I had planned to do something funny and interesting today on the blog. However, today is not that day.
Today I did my day job as PR executive extraordinaire and repped at a health fair for senior citizens. I … I have no words for the carnage that ensued. They came through in wrinkled ones and twos, smiling and chattering — but those smiles never reached their eyes. They were like a flock of crows, scavenging for anything they could get.
I’d laid some freebies out on my table, along with a tablecloth and a kind of cool little sign my buddy JT had designed for these types of events. The freebies were gone in less time than it took to tell it, and I had to pull out more stock. There were 300-500 people expected for this event, and I’d brought enough chotchkes for everyone.
I was wrong.
It was like a plague of wrinkly locusts descended upon a field of unharvested wheat. Everywhere there were vendors looking cow-eyed with fear, certain that somewhere another round of these decrepit dreadnaughts were coming. At one point, I was talking with one of the seniors when a motion near me caught my eye. A woman was shamelessly pawing through the box of goodies I’d put under the table to be my reserve stock once I saw how this whole thing was going to play out!
“Ma’am,” I said. She paid me no attention.
“Ma’am–” I said, more forcefully. The pawing continued, her head bent as she searched through the box. Okay, I know I’m a PR professional, and you’re supposed to be nice to people, but barring a hearing problem, this lady was pushing it. I had all of those items laid out on the table, not a foot away from where she stood.

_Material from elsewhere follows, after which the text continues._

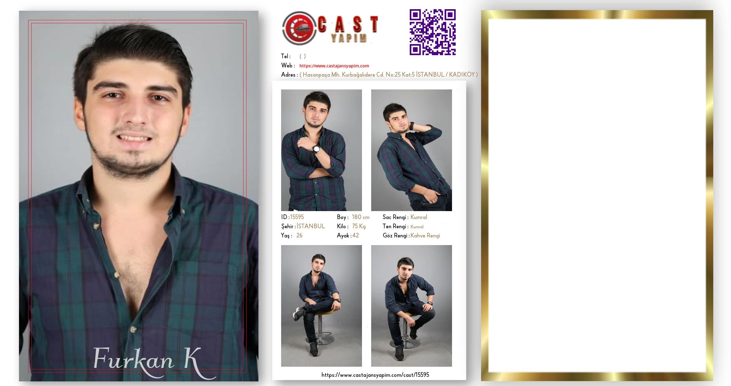Merhaba, ben Furkan Sefa. İSTANBUL şehrinde yaşıyorum ve 26 yaşındayım. Genel özelliklerim arasında boyum 180 cm, kilom 75 kg, saç rengim Kumral, göz rengim Kahve Rengi, ten rengim Kumral.

“Ma’am!” I finally yellled, and forcibly took the box out of her hands. The cardboard ripped, and logo pens scattered along the floor. I cleaned up the mess and looked around. The woman was several feet away, laughing with her blue-haired posse. The logo merchandise from my table — all of it — was gone. The pack of superannuated jackals slunk away in triumph, pockets dripping with stuff that bore my company’s logo.
As I replenished my giveaway stuff, I got to watch the predators do the same thing — steal items that we were giving away for free. They didn’t seem like they could help it. Rheumy eyes would turn shifty, and fingers curled with arthritis would turn into claws plucking at anything that wasn’t nailed down.
I got out of there with our tablecloth, sign, and my clothes. Anything else — everything else — was gone.
Moral of the story: Health fairs for senior citizens are like being in a real-life zombie movie. You might be able to take one of them out, but when wave upon wave of them come for you, you’re screwed.